• _WORK INSTRUCTIONS_:
Exclude the pictures and repeat all of the data exactly.

• _SOURCE DATA_:
--------

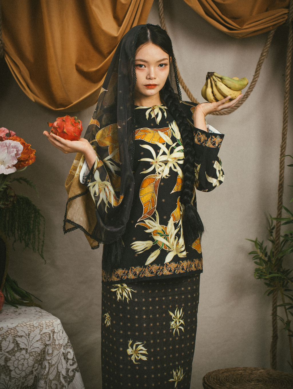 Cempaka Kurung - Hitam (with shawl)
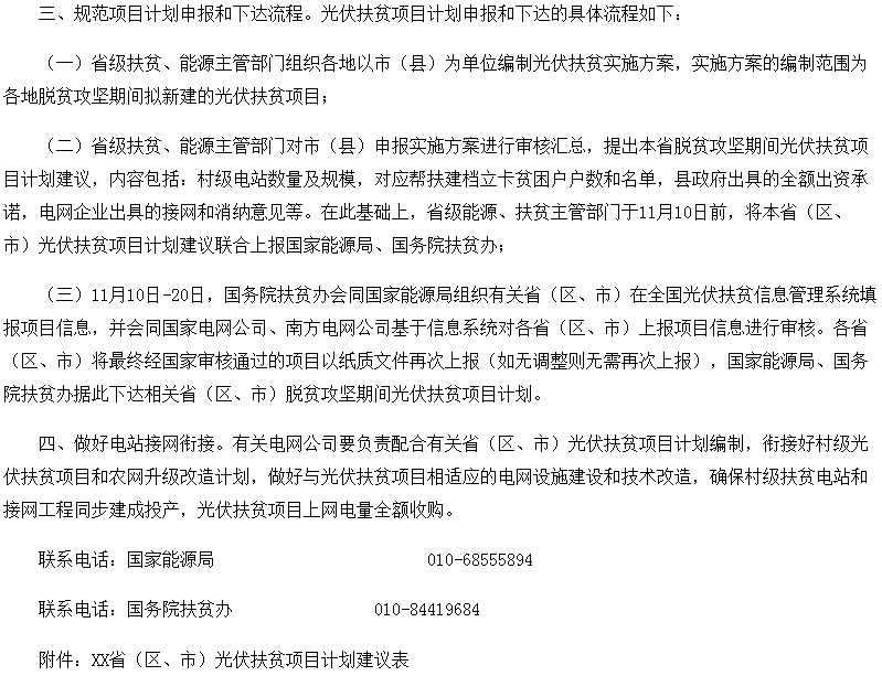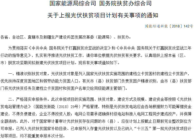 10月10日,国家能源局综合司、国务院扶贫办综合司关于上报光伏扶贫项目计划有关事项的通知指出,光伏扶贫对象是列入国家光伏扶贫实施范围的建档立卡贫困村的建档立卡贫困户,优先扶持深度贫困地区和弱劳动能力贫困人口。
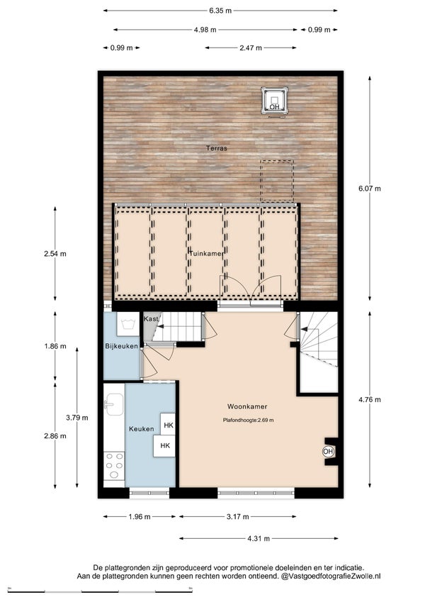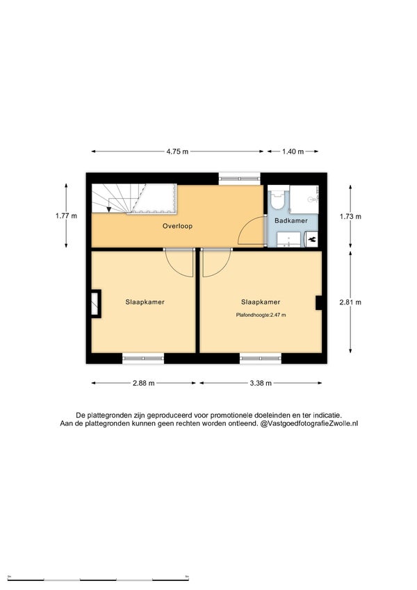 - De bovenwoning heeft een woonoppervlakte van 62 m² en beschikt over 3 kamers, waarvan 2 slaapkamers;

--------

• _ANSWER SECTION_:
 Cempaka Kurung - Hitam (with shawl)
 10月10日,国家能源局综合司、国务院扶贫办综合司关于上报光伏扶贫项目计划有关事项的通知指出,光伏扶贫对象是列入国家光伏扶贫实施范围的建档立卡贫困村的建档立卡贫困户,优先扶持深度贫困地区和弱劳动能力贫困人口。
 - De bovenwoning heeft een woonoppervlakte van 62 m² en beschikt over 3 kamers, waarvan 2 slaapkamers;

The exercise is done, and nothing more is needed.